Met dit natuurbeleidsplan geef ik richting aan het natuurbeleid in Caribisch Nederland
voor de komende 5 jaar. Het dient mede als kader voor de door het Openbaar lichaam
van de eilanden op te stellen eilandelijke natuurplannen.
Het natuurbeleidsplan is mede op uw verzoek (Kamerstuk 32 500 XIII, nr. 143 vergaderjaar 2010–2011) tot stand gekomen in samenwerking met natuurorganisaties,
parkbeheerders en Openbaar lichaam van de eilanden. Ook het bedrijfsleven, onder andere
de toeristische sector, is betrokken geweest.

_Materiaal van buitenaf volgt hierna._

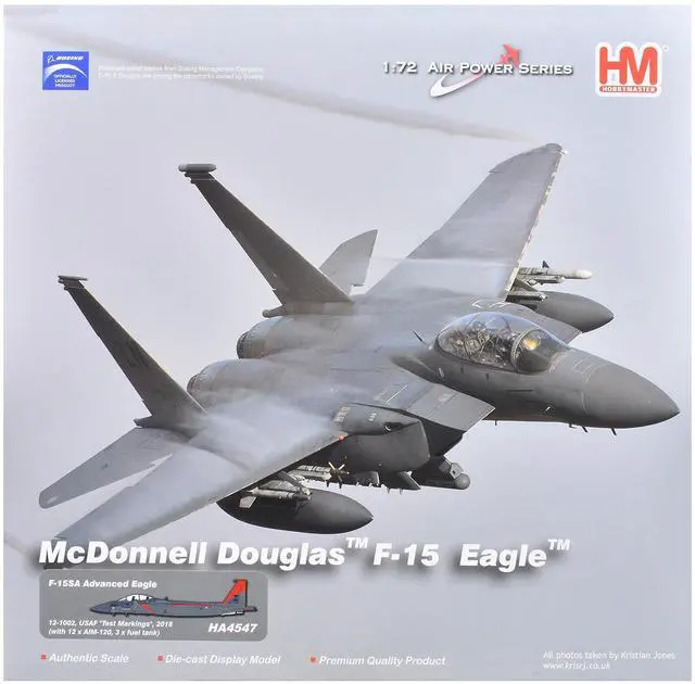 Brand new 1/72 scale diecast model of Boeing F-15SA (Saudi Advanced) Eagle Fighter Aircraft "12-1002, USAF Test Markings" (2018) Saudi Royal Air Force "Air Power Series" die cast model by Hobby Master.

Op 17 januari 2013, Kamerstuk 30 825, nr. 189, heb ik u geïnformeerd over de uitkomsten van het bestuurlijk overleg met de provincies
over de besteding van de € 200 mln. extra middelen voor natuur en, als onderdeel hiervan,
de € 7,5 miljoen natuurgelden voor Caribisch Nederland. De beschikbare middelen voor
Caribisch Nederland worden ingezet om achterstallig onderhoud van de natuur op korte
termijn in te halen. Het natuurbeleidsplan geeft nader aan op welke wijze de middelen
besteed worden.
Het natuurbeleidsplan benadert natuur op de eilanden als integraal onderdeel van de
maatschappij. De natuur op de Caribische eilanden is een belangrijke economische motor,
zoals ook bleek uit de TEEB-Bonaire, Kamerstuk 26 407, nr. 84. We moeten daar gebruik van maken en er tegelijkertijd goed voor zorgen. Uitgangspunt
bij de concrete actiepunten in het plan is dan ook dat de natuur duurzaam gebruikt
moet kunnen blijven worden. Op die manier wil ik er aan bijdragen dat de eilandbewoners
nu en in de toekomst blijven profiteren van de natuur als bron van welvaart.